> **Raw data**:
+===+
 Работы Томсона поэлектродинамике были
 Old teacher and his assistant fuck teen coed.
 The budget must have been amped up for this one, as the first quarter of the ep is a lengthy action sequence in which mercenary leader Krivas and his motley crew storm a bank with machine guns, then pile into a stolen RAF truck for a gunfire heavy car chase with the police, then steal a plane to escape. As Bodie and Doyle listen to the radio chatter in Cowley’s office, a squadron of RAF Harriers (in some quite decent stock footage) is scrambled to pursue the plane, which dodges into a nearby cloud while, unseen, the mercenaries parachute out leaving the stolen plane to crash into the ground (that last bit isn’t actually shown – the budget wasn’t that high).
+===+
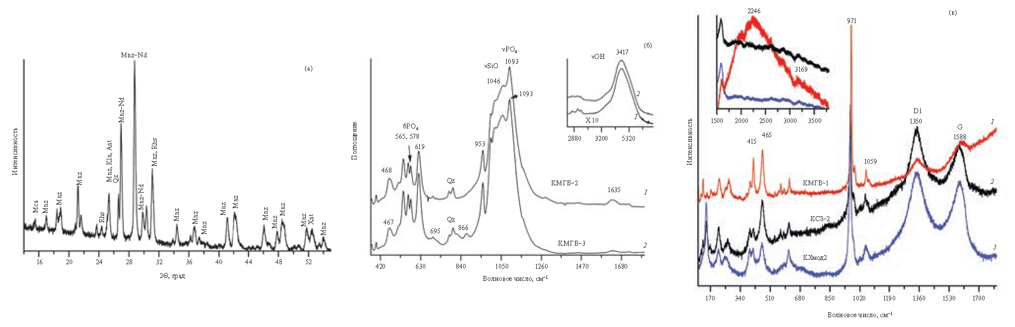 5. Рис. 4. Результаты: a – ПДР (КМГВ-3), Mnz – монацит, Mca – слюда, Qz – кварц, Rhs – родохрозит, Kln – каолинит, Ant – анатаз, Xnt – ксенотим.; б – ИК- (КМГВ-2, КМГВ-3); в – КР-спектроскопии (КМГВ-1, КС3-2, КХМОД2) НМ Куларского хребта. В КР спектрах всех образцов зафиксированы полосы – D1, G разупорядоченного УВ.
+===+
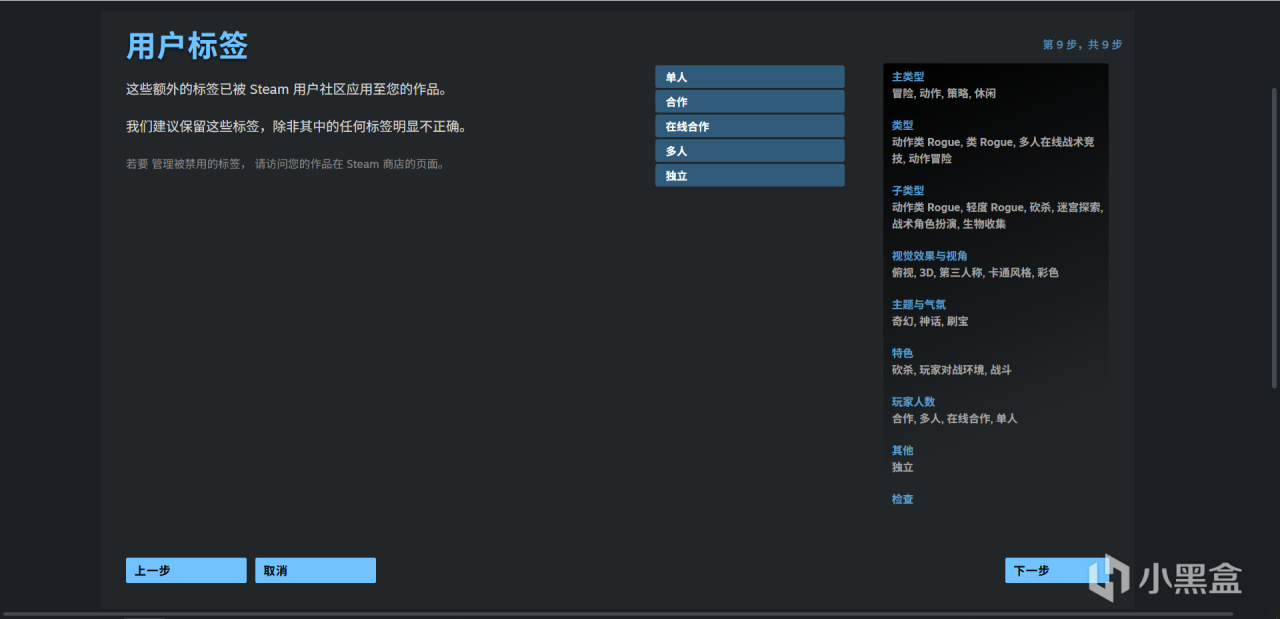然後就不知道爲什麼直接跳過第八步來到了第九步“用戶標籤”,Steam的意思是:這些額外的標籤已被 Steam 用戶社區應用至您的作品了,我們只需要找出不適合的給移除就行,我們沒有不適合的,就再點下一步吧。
+===+
> **Work instruction**:
When you reach the line with "Работы Томсона поэлектродинамике были" in the records above, start writing out lines exactly, and stop once the line with "Old teacher and" has been written; include nothing else.

> **Exercise output**:
 Работы Томсона поэлектродинамике были
 Old teacher and his assistant fuck teen coed.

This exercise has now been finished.